El Hospital La Plana promueve el método "papá-canguro" en partos con cesárea


       El prestigioso pediatra Carlos González comenta en su libro "Un regalo para toda la vida. Guía de la lactancia materna" (Madrid, Temas de hoy, 2006) que "(...) En la cesárea cortan la barriga, no la leche; los pechos funcionan perfectamente (...) Hay hospitales en que los niños nacidos por cesárea maman antes de una hora; hay hospitales en que el bebé está en contacto piel con piel (y mama, si quiere) mientras el médico acaba de coser la herida.
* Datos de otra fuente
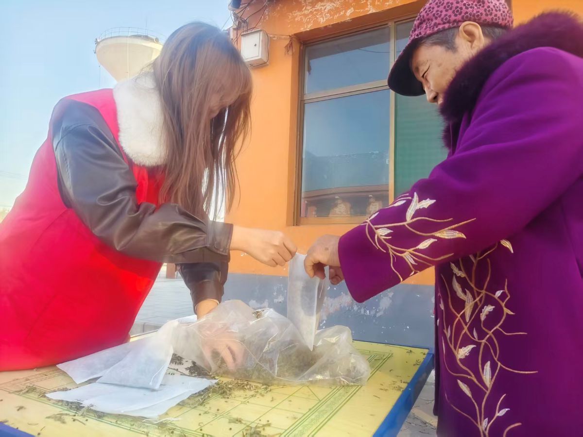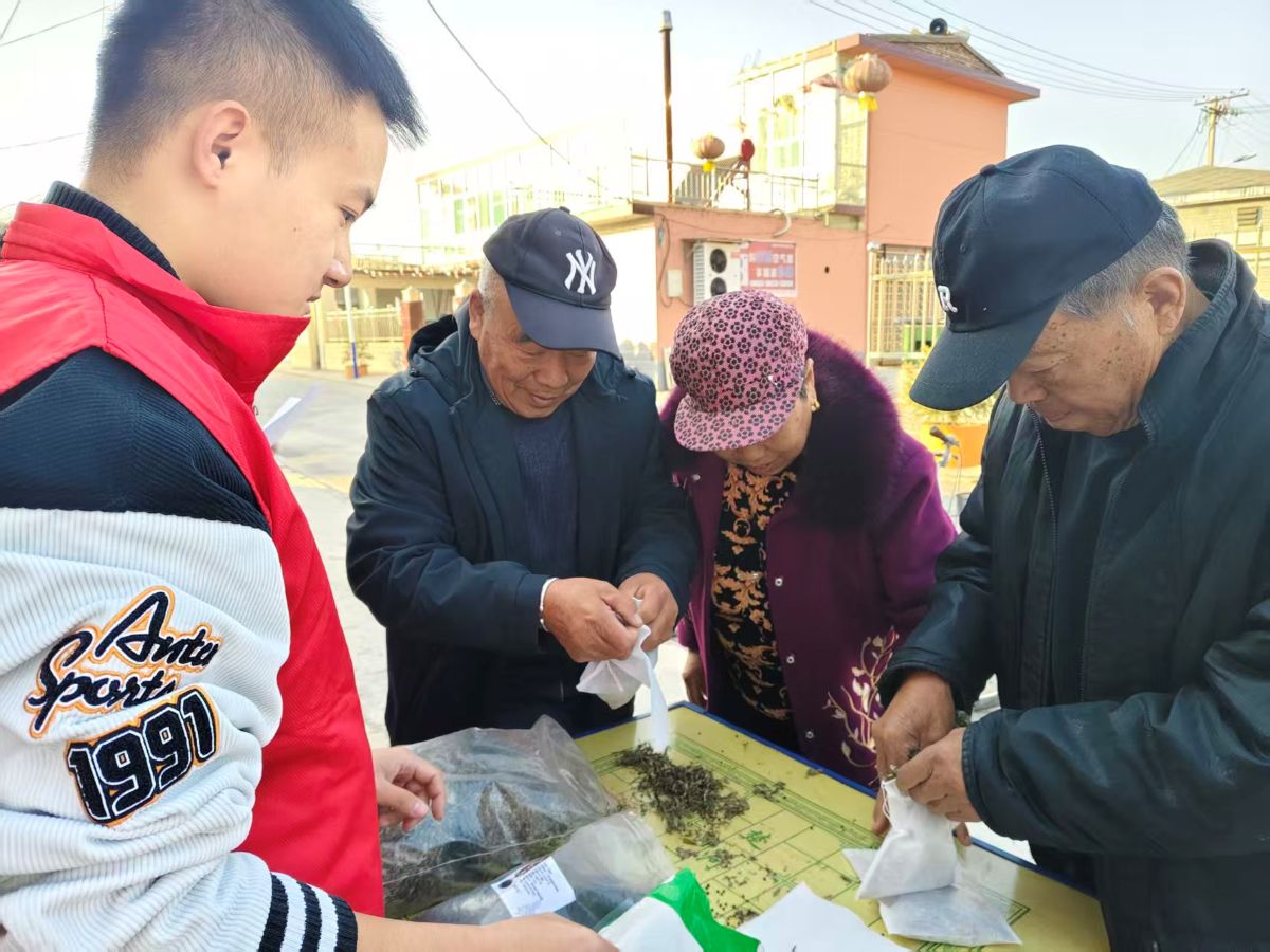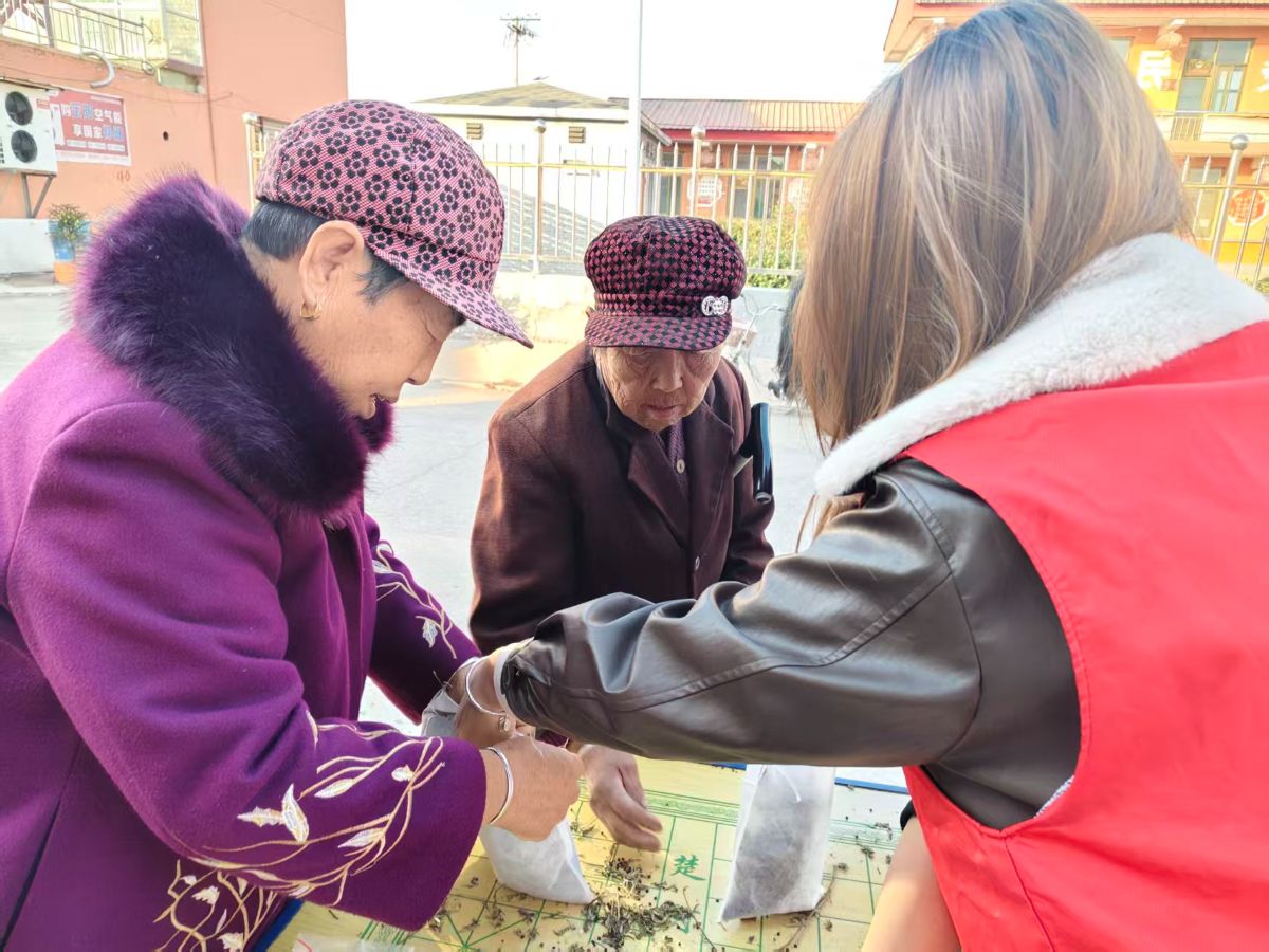 在健康服务区域,“泡脚包制作”环节备受老人们喜爱。志愿者们带来艾叶、生姜、花椒等天然材料,一一介绍每种材料的养生功效,“艾叶能驱寒,生姜可以暖身,花椒能理气……”随后指导老人们按比例搭配、分装成便携泡脚包,还贴心提醒泡脚的适宜时间与注意事项,“大爷,泡脚别超过20分钟,水到小腿肚就行。”老人们仔细听着,认真制作属于自己的泡脚包,脸上满是期待。

Pero también hay hospitales en que el bebé nacido por cesárea está separado de la madre durante seis o doce horas (¡o más!), en que nadie ayuda a la madre a encontrar una posición cómoda para dar el pecho sin que le duela la cicatriz. Un pequeño problema inicial puede crecer como una bola de nieve; si se pone tarde al pecho le habrán dado algún biberón en ese tiempo, se cogerá mal, la madre tendrá grietas... (...)" evidenciando así la importancia de la MADRE´en el proceso.

    A falta de pan, buenas son tortas. Y a veces muy buenas, ya que es infinitamente mejor darle la oportunidad al bebé y al padre de gozar del conacto piel con piel, que apartar al recién nacido de sus progenitores durante horas. El Hospital La Plana, como se puede leer en el artículo cuyo enlace se cita más abajo, promueve el método "papá-canguro" en los partos por cesárea y con unas recomendaciones dignas de ser reconocidas y tomadas en cuenta por el resto de hospitales españoles.

    Les recomiendo su lectura.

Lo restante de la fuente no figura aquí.